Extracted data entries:
========

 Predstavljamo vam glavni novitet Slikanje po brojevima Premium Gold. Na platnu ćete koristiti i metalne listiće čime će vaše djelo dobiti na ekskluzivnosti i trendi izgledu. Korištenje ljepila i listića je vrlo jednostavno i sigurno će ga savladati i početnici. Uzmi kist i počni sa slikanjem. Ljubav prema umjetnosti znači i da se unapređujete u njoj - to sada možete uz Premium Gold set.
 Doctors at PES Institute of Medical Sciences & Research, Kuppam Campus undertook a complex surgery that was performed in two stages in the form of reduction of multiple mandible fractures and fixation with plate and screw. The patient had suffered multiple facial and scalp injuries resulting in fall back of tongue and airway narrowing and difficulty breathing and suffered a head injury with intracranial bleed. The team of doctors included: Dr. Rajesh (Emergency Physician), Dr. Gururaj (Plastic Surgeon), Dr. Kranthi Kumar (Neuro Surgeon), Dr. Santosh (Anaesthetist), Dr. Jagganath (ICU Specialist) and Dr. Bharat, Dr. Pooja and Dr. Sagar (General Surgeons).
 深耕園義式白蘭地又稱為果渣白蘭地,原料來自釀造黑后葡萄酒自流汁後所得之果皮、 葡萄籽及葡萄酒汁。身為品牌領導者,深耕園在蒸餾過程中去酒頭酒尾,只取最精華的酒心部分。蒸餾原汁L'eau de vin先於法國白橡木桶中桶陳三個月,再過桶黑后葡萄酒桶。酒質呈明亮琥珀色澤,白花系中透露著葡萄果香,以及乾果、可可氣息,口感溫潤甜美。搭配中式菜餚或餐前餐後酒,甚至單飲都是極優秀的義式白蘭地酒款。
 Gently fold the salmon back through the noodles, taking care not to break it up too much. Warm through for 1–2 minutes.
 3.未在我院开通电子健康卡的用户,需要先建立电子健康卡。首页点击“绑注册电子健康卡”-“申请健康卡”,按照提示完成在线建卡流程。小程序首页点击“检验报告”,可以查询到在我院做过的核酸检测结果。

========

**Task directions:**
Print all records shown above, word for word.

**Written solution:**
 Predstavljamo vam glavni novitet Slikanje po brojevima Premium Gold. Na platnu ćete koristiti i metalne listiće čime će vaše djelo dobiti na ekskluzivnosti i trendi izgledu. Korištenje ljepila i listića je vrlo jednostavno i sigurno će ga savladati i početnici. Uzmi kist i počni sa slikanjem. Ljubav prema umjetnosti znači i da se unapređujete u njoj - to sada možete uz Premium Gold set.
 Doctors at PES Institute of Medical Sciences & Research, Kuppam Campus undertook a complex surgery that was performed in two stages in the form of reduction of multiple mandible fractures and fixation with plate and screw. The patient had suffered multiple facial and scalp injuries resulting in fall back of tongue and airway narrowing and difficulty breathing and suffered a head injury with intracranial bleed. The team of doctors included: Dr. Rajesh (Emergency Physician), Dr. Gururaj (Plastic Surgeon), Dr. Kranthi Kumar (Neuro Surgeon), Dr. Santosh (Anaesthetist), Dr. Jagganath (ICU Specialist) and Dr. Bharat, Dr. Pooja and Dr. Sagar (General Surgeons).
 深耕園義式白蘭地又稱為果渣白蘭地,原料來自釀造黑后葡萄酒自流汁後所得之果皮、 葡萄籽及葡萄酒汁。身為品牌領導者,深耕園在蒸餾過程中去酒頭酒尾,只取最精華的酒心部分。蒸餾原汁L'eau de vin先於法國白橡木桶中桶陳三個月,再過桶黑后葡萄酒桶。酒質呈明亮琥珀色澤,白花系中透露著葡萄果香,以及乾果、可可氣息,口感溫潤甜美。搭配中式菜餚或餐前餐後酒,甚至單飲都是極優秀的義式白蘭地酒款。
 Gently fold the salmon back through the noodles, taking care not to break it up too much. Warm through for 1–2 minutes.
 3.未在我院开通电子健康卡的用户,需要先建立电子健康卡。首页点击“绑注册电子健康卡”-“申请健康卡”,按照提示完成在线建卡流程。小程序首页点击“检验报告”,可以查询到在我院做过的核酸检测结果。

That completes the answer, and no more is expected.